Priest prepares for new mission

Fr. Samuel Schneider receives an Inspiring Challenge Coin from retired Navy Colonel Claire Zajac as part of the ceremony of his official commissioning into the U.S. Navy as a chaplain. Lt. Commander Dayton Nelson, who has known Fr. Schneider for years, received his oath and shared words of praise, thanks and challenge. (Submitted photo)

Jenny Snarski
Catholic Herald Staff

Fr. Samuel Schneider is one of a select few to have answered the call within a call, the vocation within a vocation – that of being a priest and a military chaplain.

The Rhinelander native, who has a brother also in the Navy, Petty Officer Third Class William Schneider, transferred into college seminary from the U.S. Naval Academy. After earning his bachelor’s degree and moving on to major seminary in 2013, he entered the chaplaincy candidate program.

Fr. Schneider was ordained in 2017; his education was co-sponsored by the Diocese of Superior and the Archdiocese for the Military Services. His three-year pastoral period in the Diocese of Superior is up, and he left in September for chaplaincy training on base in Newport, Rhode Island.

On Aug. 28 at St. Patrick Parish in Hudson – Fr. Schneider’s teaching parish during four years of seminary – he was officially commissioned into the U.S. Navy as a chaplain.

During the ceremony, Lt. Commander Dayton Nelson expressed gratitude to the Diocese of Superior from more than 330,000 sailors, 200,000 Marines and all the U.S. Coast Guardsmen.

“Thank you for letting us have your pastor,” he said. “They’re hard to come by, and Sam’s a good one.”

The Lt. Commander noted that he and Fr. Schneider have been “checking in” with each other for seven years.

“I saw him develop at seminary … I really saw a man of God,” he added. “I’m excited that he’s joining the chaplaincy.”

In October of 2019, the Vocations Office of the Archdiocese for the Military Services reported that “since the time of 9/11, the active-duty roster (of chaplains) has shriveled from more than 400 to fewer than 200.”

While 25 percent of the military is Catholic, fewer than 8 percent of the active-duty chaplain corps are Catholic priests. That amounts approximately to one priest per 1,800 active duty service members, not including their families.

That said, according to Georgetown’s Center for Applied Research in the Apostolate, perhaps the largest source of American priestly vocations is the military. Their studies have shown that 4 to 10 percent of priests ordained in the U.S. served in the armed forces and up to 20 percent come from military families.

Nelson assured, “Sam is not gonna be pushing papers.”

The Lt. Commander said some try to escape their problems by joining the military.

“But they follow us,” he added. “Sometimes we need an adult in the room to help us untangle the mess.”

He affirmed that Fr. Schneider will be walking alongside sailors, Marines and Coast Guardsmen and their families, “as Jesus did, he lived with them.”

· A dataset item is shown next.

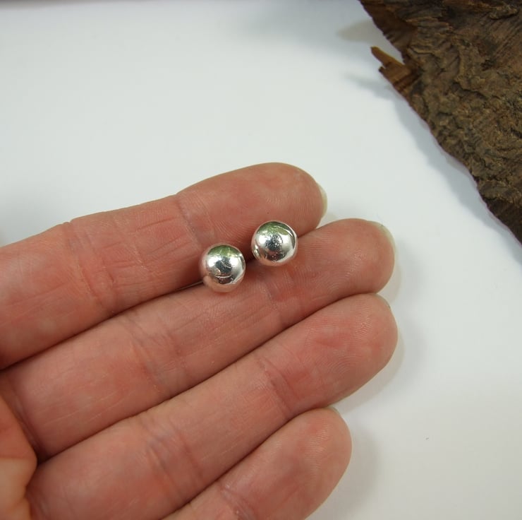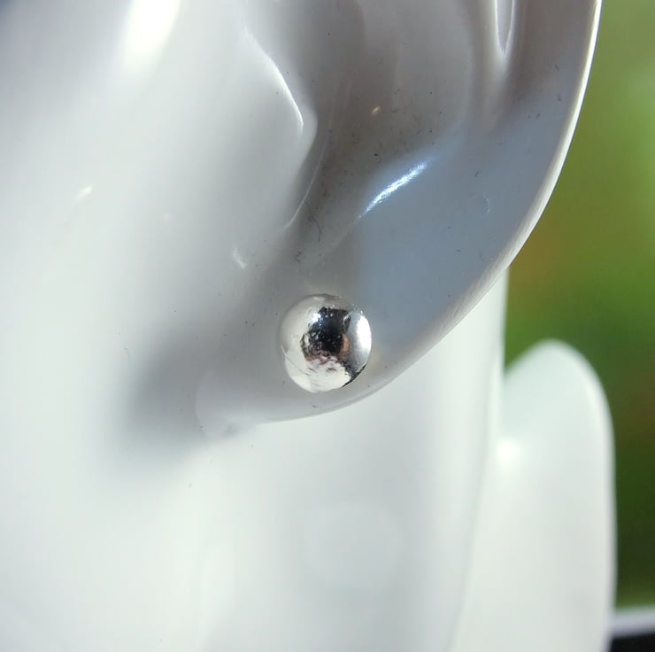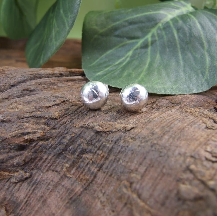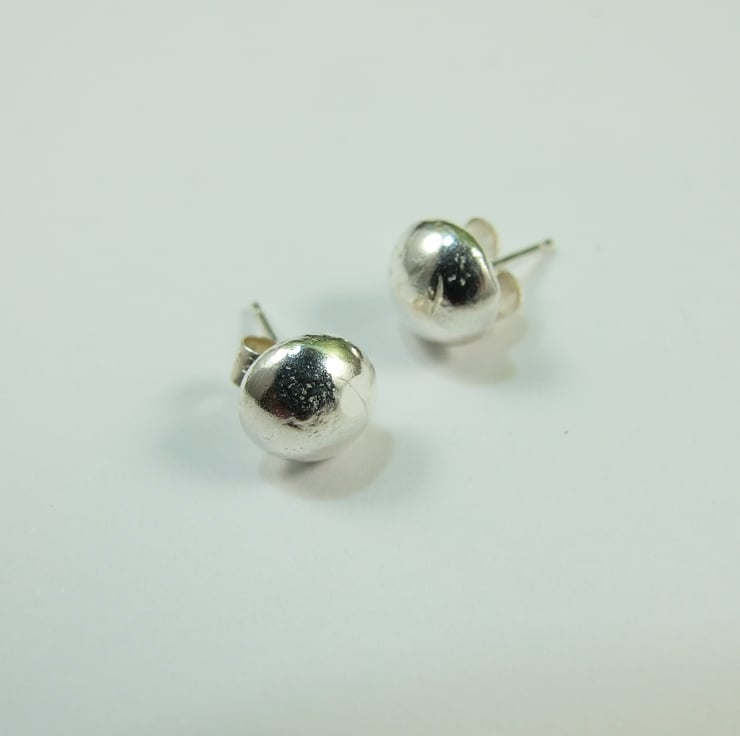 The small studs have been created from recycled sterling silver heated to melting point creating little silver nuggets. Soldered to regular .925 sterling silver ear posts with butterfly backs and burnished to a shine.

“Sam has that heart,” he said.

Directing himself to the new chaplain, Nelson said, “You’re gonna have some really great days … have fun and enjoy.

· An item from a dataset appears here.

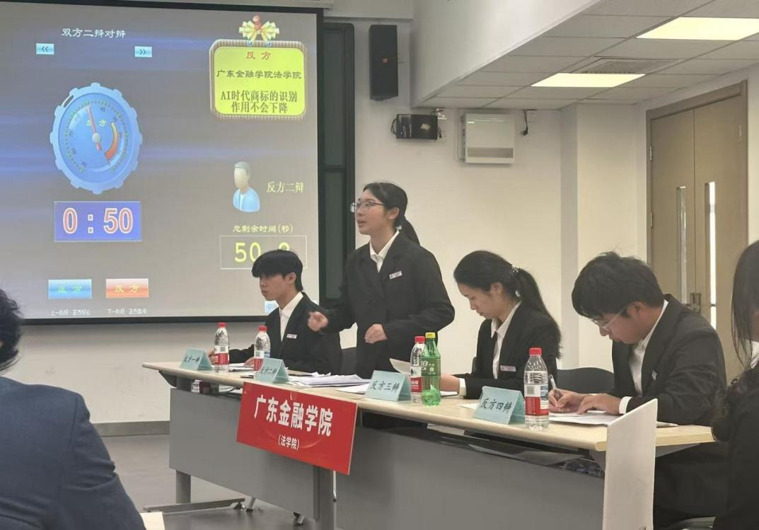 广东金融学院法学院代表队由法学院副院长朱玛、知识产权系副主任刘畅、法律学位教育中心副主任丁婧文担任指导老师,上场队员包括黄芷茵、蔡启睿、陈冉希、李泽宏四位同学。于3月28日上午与南华大学代表队,围绕辩题“AI时代,商标的识别作用会不会下降”展开辩论。经过激烈交锋,我院代表队展现出扎实的专业素养与清晰的逻辑思辨,赢得了本场比赛胜利,其中陈冉希同学凭借出色表现,荣获本场“最佳辩手”称号。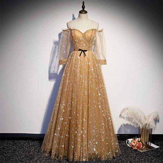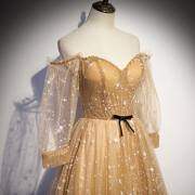 Robe de bal princesse à épaules dénudées et étoiles dorées M986

“But you’re also going to have really rotten days,” he added, referring specifically to losing sailors and having to notify families of those losses.

“I can’t think of a better person to do the hard stuff than a man of the cross. On those days, I want you to remember this day,” he said, “because you’re called to this … this is a mission field.”

Fr. Schneider shared how “extremely grateful” he felt.

There was “part of me when I left the naval academy that never wanted to go back, but I’m grateful that I am,” he said, and shared his excitement and readiness for the opportunities before him.

After the priest took his oath to support and defend the Constitution of the United States of America and discharge his duties, Lt. Commander Nelson congratulated Fr. Schneider with a fist bump and introduced the Navy’s newest chaplain.

After the commissioning, retired Col. Claire Zajac, U.S. Army Reserve, presented the priest with a traditional Inspiring Challenge Coin to boost morale, identify allegiance and express gratitude.

On the front of the coin is the image of a warrior wearing the armor of God, displaying two shields, with the letters “RHW,” which stand for “return with honor.” Each individual piece of armor is shown on the back of the coin.

The newly commissioned chaplain invited those present to end with a prayer, “Lord we give you thanks for this day and we pray in a special way for all those defending the United States, who are seeking to bring about a greater freedom, liberty and justice for all.

“May you keep them safe and also whole,” he continued. “For those who have suffered difficulties, struggle and trauma, that there might be healing through those around them.”

He concluded the prayer by petitioning for all the families who have lost loved ones and for those who are in service away from home.

Fr. Samuel will report to his first assignment as chaplain at Yokosuka U. S. Naval Base in Japan after spending Thanksgiving with his family.